Some people think that the civil unrest will disappear if Joe Biden wins in November, but I do not believe that is the case. Nearly all of the major cities where the violence is happening are controlled by radical Democrats, and those radical Democrats have been completely unable to control the riots. To the protesters, Republicans and Democrats are both two sides of the same coin and are both responsible for the injustices in our society, and they are not going to give up on their goals just because a moderate Democrat like Joe Biden wins the election.
At this point, millions upon millions of Americans are sticking closer to home these days because of COVID-19 and all the unrest, and this has been particularly devastating for the leisure and hospitality industries…
The unemployment rate in the leisure and hospitality industries, including restaurants, soared from 5.7% in February to 39.3% in April, and in June was still at an unprecedented 28.9%. By comparison, the overall unemployment rate is 11.1%, and no other industry comes close to restaurants’ level.
The restaurant industry employed nearly 9.2 million people in June, almost 3 million more than in April but still 25% below where it was in February. Anecdotally, though, restaurant workers—even those who’ve spent decades in the industry—say they’re looking to get out. The line of work that had been stable, geographically flexible, reliable and largely safe for generations is no more, they say.

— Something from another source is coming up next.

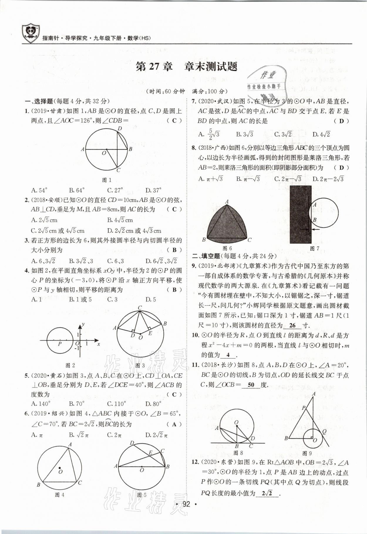注:目前有些书本章节名称可能整理的还不是很完善,但都是按照顺序排列的,请同学们按照顺序仔细查找。练习册 2021年指南针导学探究九年级数学下册华师大版 答案主要是用来给同学们做完题方便对答案用的,请勿直接抄袭。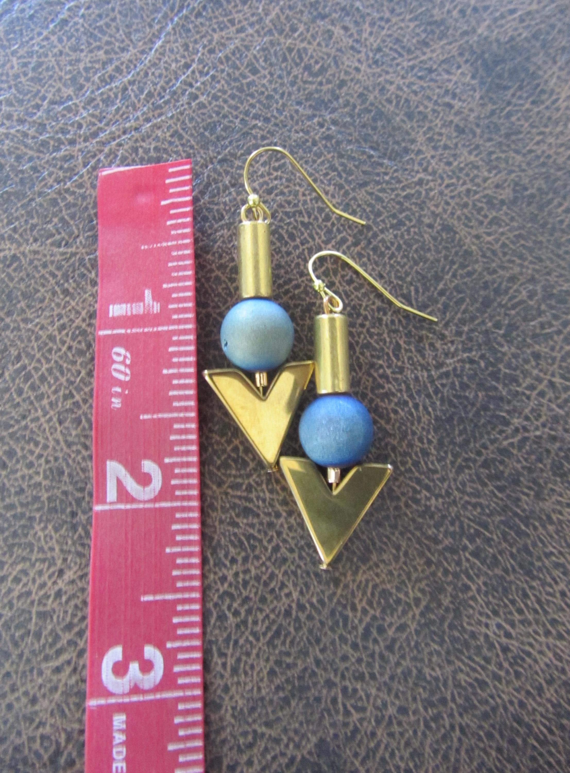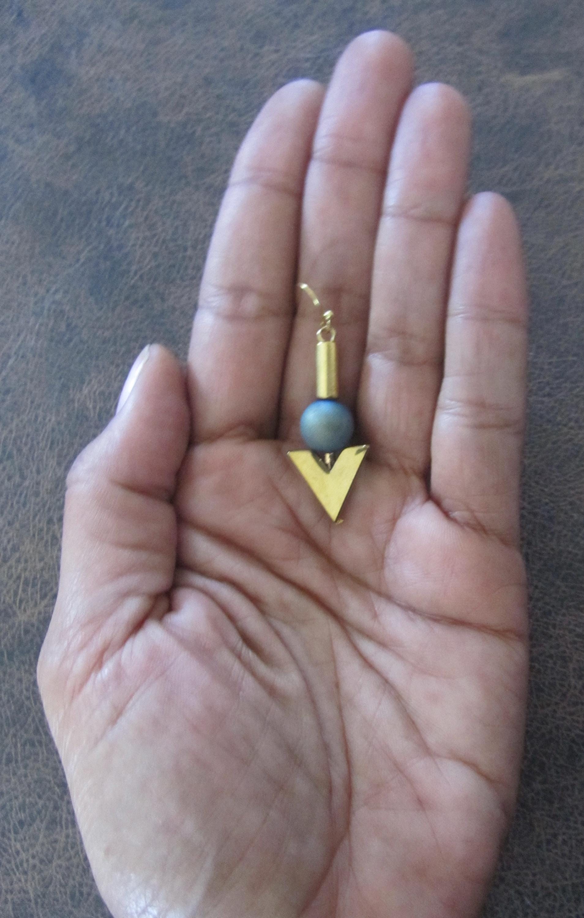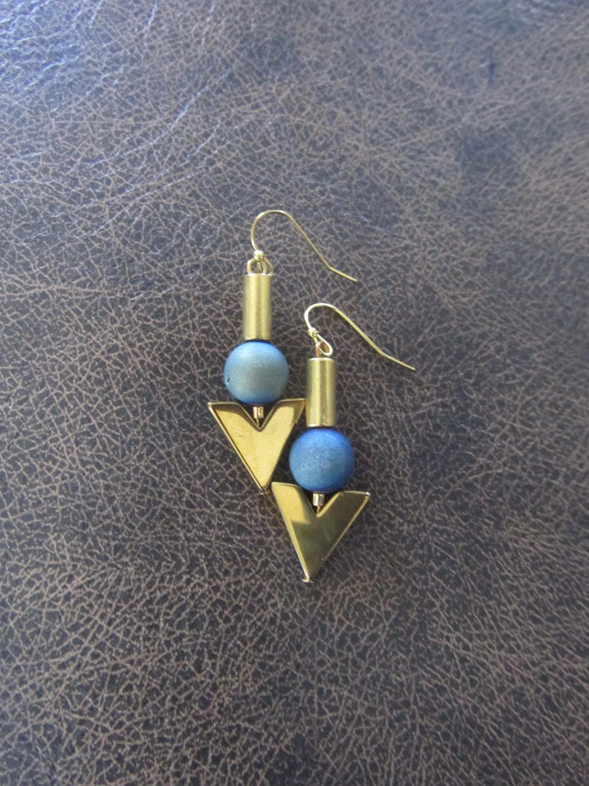 Gold hematite and teal agate earrings French hooks

As I discussed the other day, we have already lost thousands upon thousands of small and independent restaurants, and this “restaurant apocalypse” is only going to get worse with each passing month.
Moving forward, some cities may never be the same again. In Las Vegas, the official unemployment rate recently hit 29 percent, and everyone agrees that tourism will never recover until the pandemic ends.

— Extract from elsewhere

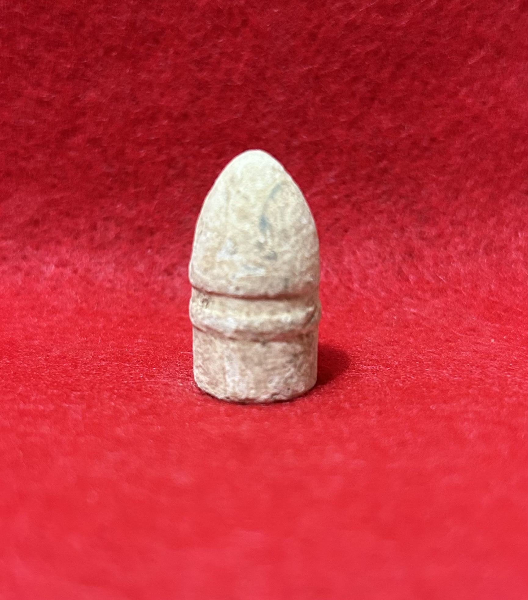 Dug at the battle of Frasier’s Farm this is a beautiful example of a Confederate manufactured bullet .54 Cal.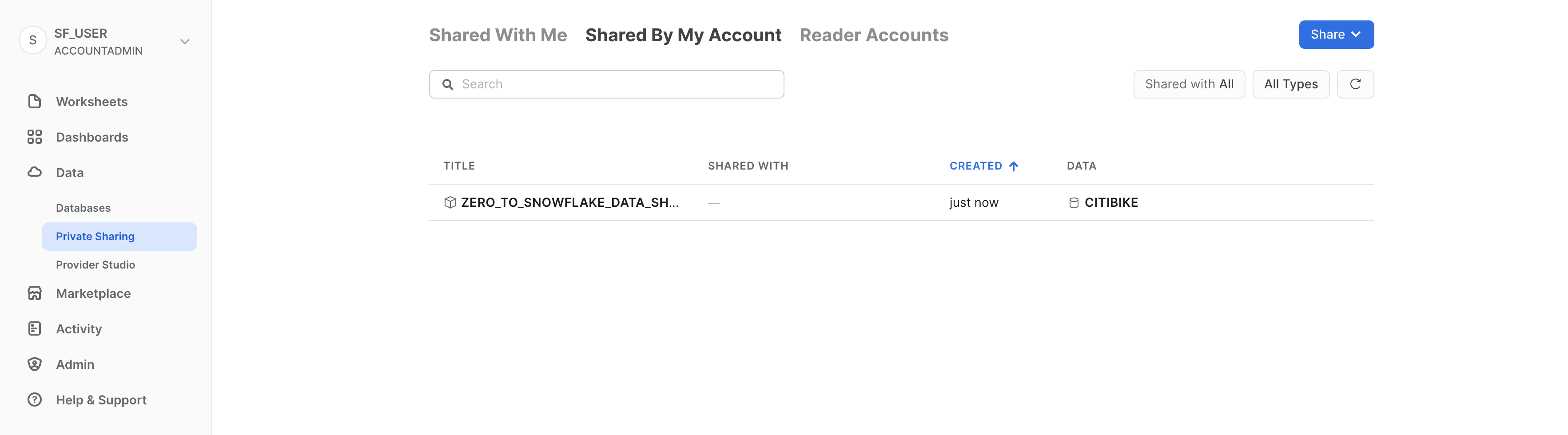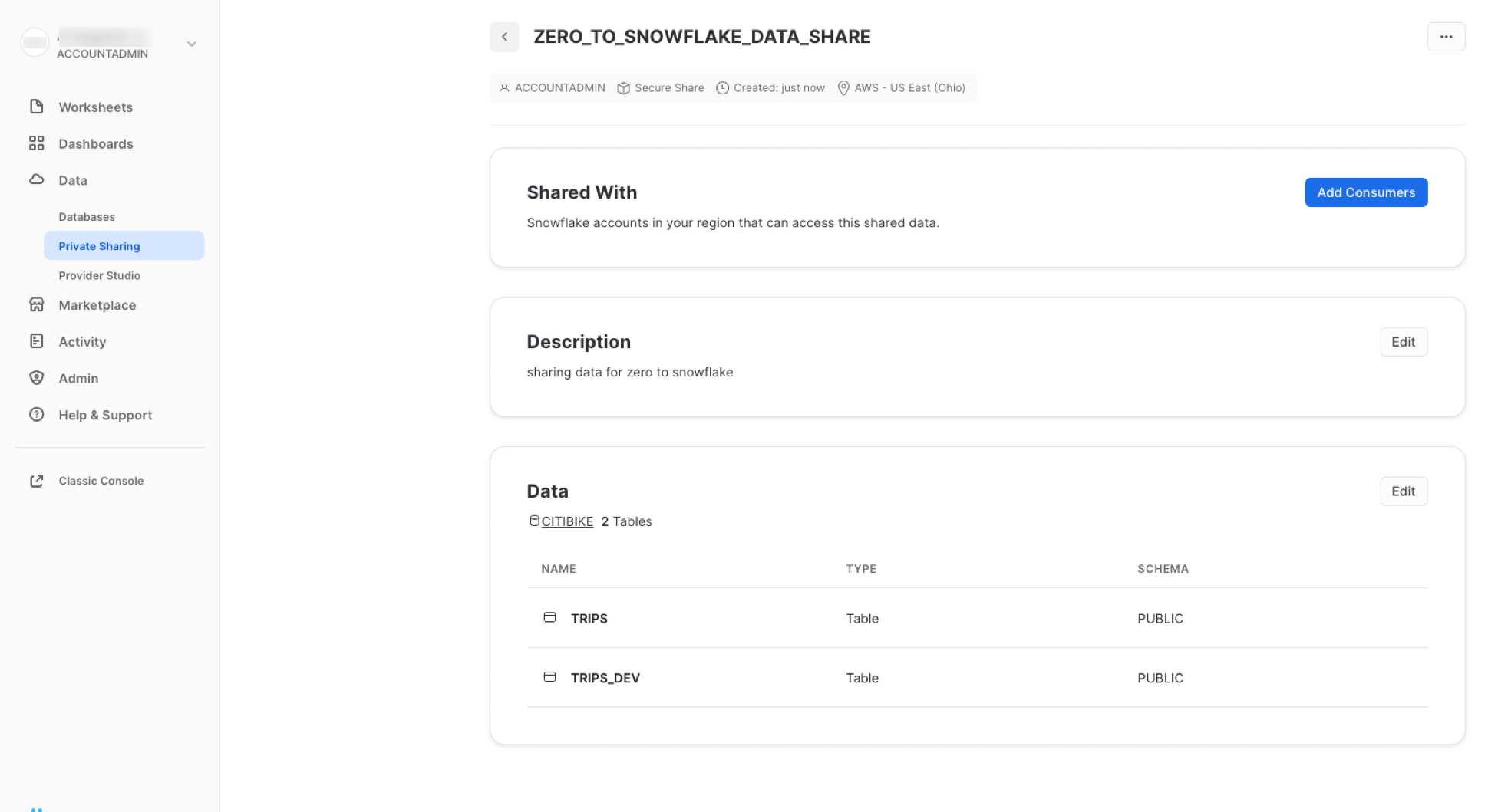 実際のシナリオでは、次に、Citi Bikeのアカウント管理者が1つ以上のコンシューマーアカウントを共有に追加することになると思いますが、今回のラボではそこまでは実行しません。

If this pandemic stretches on for several years, many of those unemployed workers will be forced to abandon the city entirely in order to find work elsewhere.
Sadly, competition for the few good jobs that are available will become increasingly fierce, and this will result in millions of Americans falling out of the middle class.

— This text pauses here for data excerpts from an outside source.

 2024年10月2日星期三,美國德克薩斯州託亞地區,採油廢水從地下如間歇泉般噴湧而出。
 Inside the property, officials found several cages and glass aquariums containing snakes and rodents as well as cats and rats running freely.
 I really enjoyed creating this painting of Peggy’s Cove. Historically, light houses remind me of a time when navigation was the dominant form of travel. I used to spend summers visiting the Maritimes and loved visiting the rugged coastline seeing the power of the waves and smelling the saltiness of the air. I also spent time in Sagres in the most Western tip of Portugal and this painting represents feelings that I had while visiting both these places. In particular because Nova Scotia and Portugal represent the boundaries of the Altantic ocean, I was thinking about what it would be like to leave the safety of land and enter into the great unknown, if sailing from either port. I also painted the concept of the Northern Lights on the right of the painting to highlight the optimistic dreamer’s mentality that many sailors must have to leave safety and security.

And we are starting to see some numbers that indicate that this process is already moving along very quickly. According to the U.S. Census Bureau, “24 million Americans say they have little to no chance of being able to pay next month’s rent”.
Just think about that.
We never saw anything like this during the last recession, and the Census Bureau says that things are particular dire for Black and Hispanic renters…
This month, nearly 28% of Black renters say they haven’t paid last month’s rent, and about 46% say they have slight or no confidence they’ll be able to pay next month’s rent, according to figures from the Census Bureau’s Household Pulse Survey. Hispanic renters face similar economic strain: 22% say they missed last month’s rent and 46% fear they won’t make rent next month.
Those numbers are simply eye-popping. As people increasingly get behind on their bills, the cries for more direct government assistance will become deafening, and it appears that Republicans and Democrats in Congress both want to pass yet another stimulus bill.
Of course that will mean borrowing and spending more gigantic piles of money that we do not currently have, but at this point most Americans do not seem to care that we are literally completely destroying our financial future.
For such a long time, I warned that the next economic downturn would be worse than the last recession, and that has turned out to be precisely correct.
And what we are experiencing right now will pale in comparison to what is eventually coming.
But for most people, the only thing that seems to matter is what is happening here and now.
And at this moment we are seeing tremendous economic suffering in major cities all over the nation, and in an election year very few of our politicians want to be the “bad guy” that says that we can’t hand out “free money” to everyone.
So our currency will continue to be rapidly devalued, our debt levels will continue to explode, and we shall get to see where this relentless march toward socialism takes us.